--- Records Enclosed Below ---

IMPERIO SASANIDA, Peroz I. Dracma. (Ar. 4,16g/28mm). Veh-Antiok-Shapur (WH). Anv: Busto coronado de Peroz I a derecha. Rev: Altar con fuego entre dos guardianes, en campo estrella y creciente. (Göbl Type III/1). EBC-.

--- End of Enclosed Records ---
--- Records Enclosed Below ---

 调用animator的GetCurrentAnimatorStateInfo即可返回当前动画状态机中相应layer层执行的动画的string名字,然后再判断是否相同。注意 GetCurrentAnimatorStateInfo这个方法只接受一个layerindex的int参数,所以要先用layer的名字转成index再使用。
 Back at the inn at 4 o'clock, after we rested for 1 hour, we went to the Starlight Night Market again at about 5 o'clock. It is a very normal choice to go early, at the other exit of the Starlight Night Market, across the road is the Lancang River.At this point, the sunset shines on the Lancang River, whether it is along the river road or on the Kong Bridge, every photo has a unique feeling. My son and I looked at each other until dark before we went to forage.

--- End of Enclosed Records ---
--- Records Enclosed Below ---

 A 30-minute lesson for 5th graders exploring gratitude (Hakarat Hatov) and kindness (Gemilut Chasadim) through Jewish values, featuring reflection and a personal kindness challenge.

--- End of Enclosed Records ---

- Prompt -
Each line above from the one with "调用animator的Get" up to and including the one with "Back at the" must be set down exactly, and no line outside that span may appear.

- Task answer -
 调用animator的GetCurrentAnimatorStateInfo即可返回当前动画状态机中相应layer层执行的动画的string名字,然后再判断是否相同。注意 GetCurrentAnimatorStateInfo这个方法只接受一个layerindex的int参数,所以要先用layer的名字转成index再使用。
 Back at the inn at 4 o'clock, after we rested for 1 hour, we went to the Starlight Night Market again at about 5 o'clock. It is a very normal choice to go early, at the other exit of the Starlight Night Market, across the road is the Lancang River.At this point, the sunset shines on the Lancang River, whether it is along the river road or on the Kong Bridge, every photo has a unique feeling. My son and I looked at each other until dark before we went to forage.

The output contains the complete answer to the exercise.